Il n’en va guère de même de la partie scénique du projet, il le faut avouer. Le décor relativement simple mais plaisant de Bruno de Lavenère, fait d’une sorte de moucharabieh contemporain, ne se révèle pas d’emblée : le chemin de néons qui entrave le cadre de scène fait obstacle à l’adaptation de l’œil à un clair-obscur délicat, de sorte que… l’on n’y voit goutte pendant plus d’un acte, aveuglé par ce dispositif. Lorsqu’enfin l’on y voit clair et que l’on peut apprécier le travail efficace de Laurent Castaingt, encore est-ce pour découvrir la mise en scène fort peu inspirée de Lilo Baur [lire nos chroniques de Dido and Æneas, La Resurrezione, Lakmé et La conférence des oiseaux], ne prenant point la peine d’une direction d’acteurs et moins encore celle de coordonner les mouvements. Ainsi le plateau est-il laissé dans une confusion certaine que la mièvrerie de l’illustration des pastorales rend plus indigeste encore, malgré l’hirsutisme joyeux de la vêture imaginée par Alain Blanchot.

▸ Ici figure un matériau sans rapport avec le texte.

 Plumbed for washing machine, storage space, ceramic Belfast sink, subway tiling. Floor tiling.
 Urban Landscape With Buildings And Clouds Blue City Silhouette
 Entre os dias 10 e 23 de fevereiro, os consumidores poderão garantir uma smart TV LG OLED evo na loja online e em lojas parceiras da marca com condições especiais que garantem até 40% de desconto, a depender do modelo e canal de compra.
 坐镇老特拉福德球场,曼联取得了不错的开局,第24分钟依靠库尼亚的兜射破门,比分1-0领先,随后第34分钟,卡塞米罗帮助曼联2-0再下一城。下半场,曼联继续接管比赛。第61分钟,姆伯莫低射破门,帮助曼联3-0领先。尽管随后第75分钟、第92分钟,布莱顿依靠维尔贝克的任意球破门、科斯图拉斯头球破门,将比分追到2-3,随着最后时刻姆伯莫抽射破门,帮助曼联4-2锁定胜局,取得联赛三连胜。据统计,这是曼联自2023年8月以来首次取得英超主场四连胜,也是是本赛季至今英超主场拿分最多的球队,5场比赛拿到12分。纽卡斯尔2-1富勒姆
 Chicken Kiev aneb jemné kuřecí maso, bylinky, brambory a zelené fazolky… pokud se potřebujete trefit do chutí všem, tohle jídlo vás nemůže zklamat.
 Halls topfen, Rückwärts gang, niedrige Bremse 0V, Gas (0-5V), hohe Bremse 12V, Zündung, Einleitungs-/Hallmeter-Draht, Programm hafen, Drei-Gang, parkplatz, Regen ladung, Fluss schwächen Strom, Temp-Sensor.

La distribution vocale offre plusieurs incarnations notables. Si l’on passe sur une déclamation française souvent mise à mal, on aimera l’évolution de Véronique Gens dans le rôle-titre qui déploie un instrument aujourd’hui puissant et tragique à souhait, jusqu’à un cinquième acte qu’elle magnifie. Il est fort regrettable que plusieurs de ses airs soient, selon un curieux caprice de mise en scène, parasités par un malencontreux piétinement qui en vient ternir la perception. La générosité du timbre et de l’impact d’Anaïk Morel fait de La Haine une allégorie attachante, tant le chant fait autorité [lire nos chroniques de Dialogues des carmélites, Die schweigsame Frau, Die Walküre, Carmen, Werther, enfin d’Ariane et Barbe-Bleue à Lyon puis à Nancy]. Des deux soprani à se partager les rôles secondaires, la préférence va vers Apolline Raï-Westphal (Phénice, Lucinde, Plaisir, Naïade), plus précise quant à l’intonation.

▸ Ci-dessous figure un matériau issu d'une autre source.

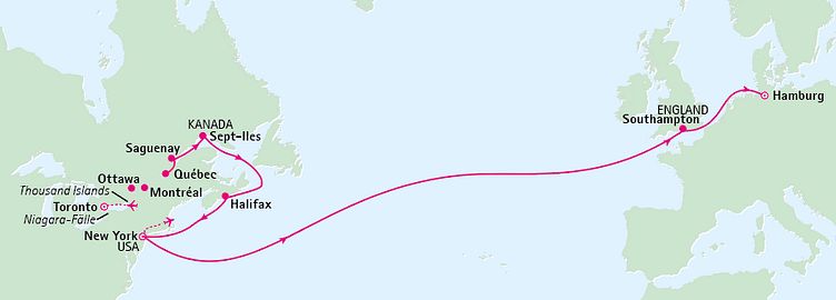 Erleben Sie eine wunderbare Reise – zur schönsten Jahreszeit, zum Indian Summer, wenn die Wälder bunt, das Licht golden und der Himmel azurblau ist. Zunächst unternehmen Sie eine Rundreise ab Toronto durch den Osten Kanadas. Mit den imposanten Niagarafällen, der bezaubernden Region der „Thousand Islands“ und Montréal erwarten Sie fantastische Eindrücke. In Québec gehen Sie an Bord der QUEEN MARY 2. Freuen Sie sich auf traumhafte Landschaften am Sankt-Lorenz-Strom, vorbei an historischen Häfen und malerischen Leuchttürmen bis hin nach New York! Und dann haben Sie die Wahl: Nach einer spannenden Stadtrundfahrt fliegen Sie entweder zurück nach Deutschland – oder Sie bleiben an Bord Ihrer „Königin“ und lassen sich nach der klassischen Transatlantik-Route von ihr nach Hause bringen.
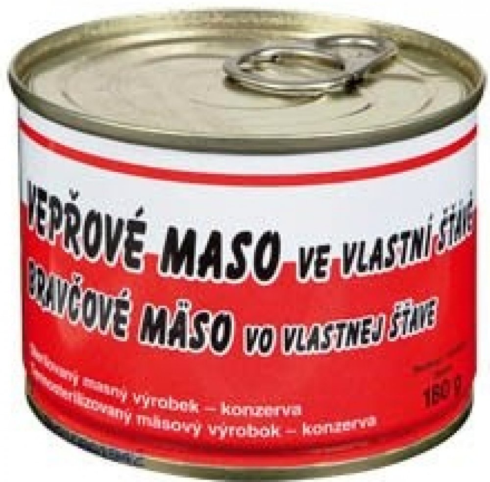 Vepřové maso ve vlastní šťávě 180g. Sterilovaný masný výrobek - konzerva
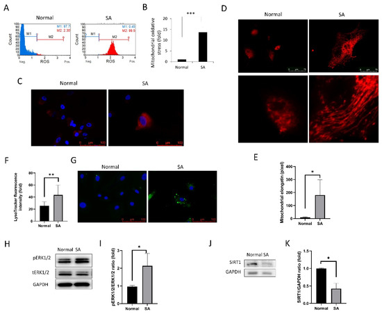 Mitochondrial oxidative stress, elongation, and lysosome staining. (A) MitoSOX staining intensity of cells as analyzed using the Muse cell analyzer. (B) Mitochondrial oxidative stress levels were compared between the normal and SA groups. (C) Fluorescence imaging using the MitoSOX probe shows mitochondrial oxidative stress in cells. (D) MitoTracker red was used for mitochondrial imaging of cells from normal and SA groups. Mitochondrial elongation is shown in the SA group. (E) Mitochondrial elongation is greater in the SA group as compared to that in the normal group. (F,G) Lysosomal staining of cells from the normal and SA groups. (H,I) phospho- extracellular signal-regulated protein kinases 1 and 2 (pERK1/2) expression levels are shown. (J,K) SIRT1 expression levels are shown. All experiments were performed in triplicate or quadruplicate. * for p < 0.05 using independent t-test.

Trois chanteurs rivalisent de compétence quant à la diction, par eux parfaitement assumée. On reconnaît avec bonheur Edwin Crossley-Mercer en Hidraot très égal quant au grain de la voix, splendide, doté d’une émission ferme et facile [lire nos chroniques de Winterreise, L’amour coupable, La Cenerentola, Castor et Pollux, Così fan tutte au Festival d’Aix-en-Provence et à Paris, Alceste, Orlando paladino, Les Indes galantes, Moïse et Pharaon]. Dans les parties d’Artémidore puis du Chevalier danois, le ténor Enguerrand de Hys se montre tour à tour d’une douceur charmeuse puis nettement plus tonique [lire nos chroniques de La jacquerie, L'île du rêve, Fantasio, Phèdre, Roméo et Juliette, L’inondation et Trois contes]. On admire l’extrême précision de son chant comme de son français, qualités qu’il partage avec le baryton Philippe Estèphe, Aronte et Ubalde bien campés, très présents [lire nos chroniques de Peer Gynt, Die Zauberflöte, Le comte Ory, La Cenerentola et Lancelot]. Aussi ces deux-là portent-ils au sommet le quatrième acte. Enfin, il faut applaudir les artistes du chœur Les Éléments, dûment préparés par Joël Suhubiette, qui signe des interventions léchées. Du 7 au 15 novembre, cinq représentations accueilleront les mélomanes désireux d’entendre Armide de Gluck.